そしてある日、絵を貼りながら、唐突に言いました。


「草太がどうして絵を描いているかって言うとね・・・日本を助けたいから。」


はい・・・??
なんでキミが絵を描いてここに貼ることが日本を助けることになるわけですかい?


そんな母の心の声が聞こえたのか、彼は続けます。

「草太ね、いっぱい絵を描いて、いっぱい貼って、日本を助けるんだ。」

やっぱり、わからん。



・・・・・と、思ったのですが、
でも、なんとなくわかってしまいました。
この4歳児の気持ち、考えが。



 カイロに戻ってきて数日後に行ったインターナショナルスクールの日本のブースでは、『鶴を折って日本を支援しよう』というコーナーがありました。日本人スタッフに鶴の折り方を教えてもらって鶴を折り、それにメッセージを書いたものをまとめて吊し、千羽鶴(のような大きな折り鶴の束)を作っていくのです。鶴を折る際に参加者は「募金」をする、という仕組み。その後ろには、日本の被災地のようすを紹介した大きなポスターが貼られていました。(※2011-04-17の記事“カイロでの「チャリティーバザー」から「チャリティーコンサート」へ”http://bit.ly/riOpKX でご紹介したゲン君とお母さんの作品です)

 4月9日に行われたチャリティーバザー:Open Dayでは、多くの人がおにぎりやらお菓子やらを作ってきてくださり、それを販売しました。その売り上げ金を日本に送る・・・と、子どもたちにも説明しました。

 そして、今度は22日のチャリティーコンサートを控えており、私も子どもたちもそれぞれ歌で参加するため、「みんなに聞いてもらうんだから一生懸命練習しないと。」などと言っていた時期でもありました。「歌を聞きに来てくれた人が払ってくれたお金が日本に行くんだよ。」そんなことも私が言っていたのでしょう。


 そういうことが日常繰り返される中での、彼なりの解釈・・・それが

「何かをする人」と「その受け手(それを見る人・聞く人)」がいる関係が成り立ったとき、それは「日本を助けることになる」



ちょっと(いや実はかなり)飛躍しているけれど、これが子どもなりの、4歳児なりの考え。



だから彼はひたすら絵を描き、それを黙々と壁に貼り続けています。

「にっぽん、がんばれ!」などと言いながら。
「草太ね、もっともっといっぱい描いてね、日本を元気にするの。」などと言いながら。


これっていったいなんなのでしょう?

一種の「洗脳」・・・???などと、自分の日頃の言動を思わず振り返ってしまいました。
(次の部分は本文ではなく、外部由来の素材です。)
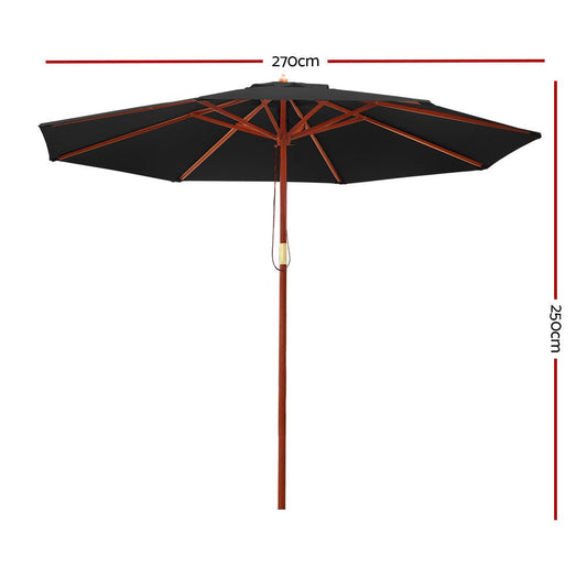 Outdoor Umbrella 2.7M Pole Cantilever Stand Garden Umbrellas Patio Black
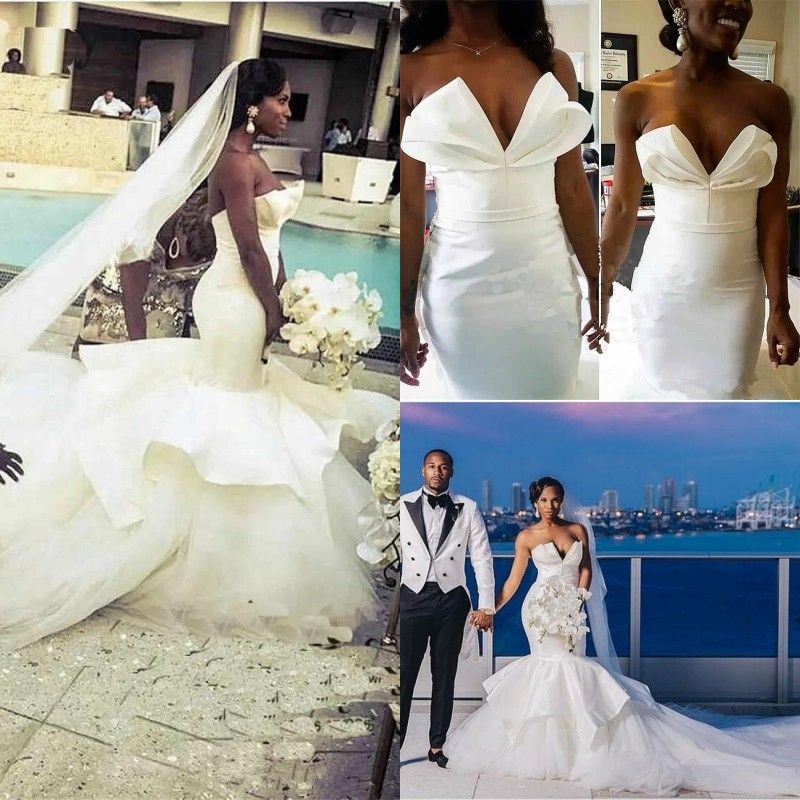 Arabic Design Mermaid African Wedding Dresses Cathedral Train Plus

でも、私は、毎日毎日「日本を応援しよう」とか「お金を送ってあげないと」とか、そんなことを言っているわけではありません。
まだいろんなことがよく理解できていない子どもに「復興支援とは・・・」などと説教したりもしていません。
今の日本の状況を、詳しく説明したりもしていません。


日本のテレビ番組などほとんど見ていない環境。
時々かけているラジオ(日本の某FM局の放送が聴けるので・・・)から曲の合間に震災に関する話題が流れることがあったり、ネットのニュースで震災関係の話題をチェックしているところをのぞき見されることはありますが・・・。


結局、そういう自分の周りにちりばめられているいろんな情報のかけらをつなぎ合わせた結果が、
ここまで自信に満ちたひとつの行動につながっている、ということに、正直驚いています。


きっと、小さい頭の中で(・・・・・あ、草太の頭は実際はかなり大きいですが。物理的に^^;)
私たちが想像している以上にいろんなことを考えているんだろうな・・・などとぼんやり思った出来事でした。


と、同時に「にっぽん、がんばれ!」と、ただ素直にストレートに言えるその気持ちが、ちょっと羨ましかったりもした母でした。